4.3:200   Dealing with Unrepresented Person

Primary Louisiana References: LA Rule 4.3
Background References: ABA Model Rule 4.3, Other Jurisdictions
Commentary: ABA/BNA § 71:501, ALI-LGL § 163, Wolfram § 11.6.3

This section has not yet been completed.

4.4   Rule 4.4 Respect for Rights of Third Persons

4.4:100   Comparative Analysis of Louisiana Rule

Primary Louisiana References: LA Rule 4.4
Background References: ABA Model Rule 4.4, Other Jurisdictions
Commentary:

4.4:101      Model Rule Comparison

The text of LRPC 4.4 is identical to that in its counterpart, MR 4.4.

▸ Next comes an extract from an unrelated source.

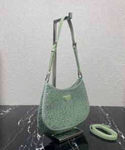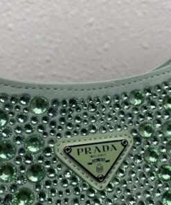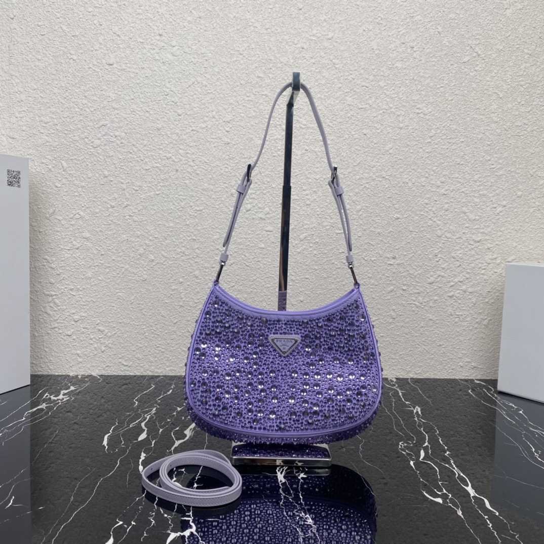 正品级 原厂皮版本 【顶级原单】?满天星腋下包?1BC169 ?这款Cleo 缎面手袋覆满大小各异的闪耀进口水晶,可调式两条交换牛皮肩带,便于肩背/斜跨设计,焕发精致魅力。复古的弧形廓形别出心裁。显得这款满天星腹下包更加柔美,优雅,摩登。太美了?走到那回头率都是焦点?赶紧入手吧??尺寸:长22x高18.5x底4.5cm

4.4:102      Model Code Comparison

LRPC 4.4 prevents a lawyer from representing his client using means that “have no substantial purpose other than to embarrass, delay or burden a third person” and absolutely prohibits the gathering of evidence in a way that violates the “legal rights” of a third person. While the Model Code has no clear counterpart, there are various provisions which prohibit similar conduct. Addressing the issue of embarrassing a third party, DR 7-106(C)(2) prevents a lawyer before a tribunal from asking irrelevant questions “intended to degrade a witness or other person.” DR 7-108(D) and (F) prevent a lawyer from harassing or embarrassing a juror or his family. The Model Code also prohibits delay tactics. DR 7-102(A)(1) prevents a lawyer from taking any action, including delaying a trial, “when he knows or when it is obvious that such action would serve merely to harass or maliciously injure another.” DR 7-101(A)(1) provides that a lawyer does not fail in pursuing the lawful objectives of his client by “being punctual in fulfilling all professional commitments, by avoiding offensive tactics, or by treating with courtesy and consideration all persons involved in the legal process.” While the Model Code does not expressly prohibit burdening a third party or violating his legal rights, DR 2-110(B)(1) provides that a lawyer shall withdraw from representation if he knows or it is obvious that the sole purpose of the representation is to harass or maliciously injure any person. EC 7-10 also imposes an obligation upon lawyers to “treat with consideration all persons involved in the legal process and to avoid the infliction of needless harm.”

4.4:200   Disregard of Rights or Interests of Third Persons

Primary Louisiana References: LA Rule 4.4
Background References: ABA Model Rule 4.4, Other Jurisdictions
Commentary: ABA/BNA § 71:101, ALI-LGL §§ 163, 166, 167, Wolfram § 12.4.4

This section has not yet been completed.

4.4:210      Cross-Examining a Truthful Witness; Fostering Falsity

This section has not yet been completed.

4.4:220      Threatening Prosecution [see 8.4:900]

This section has not yet been completed.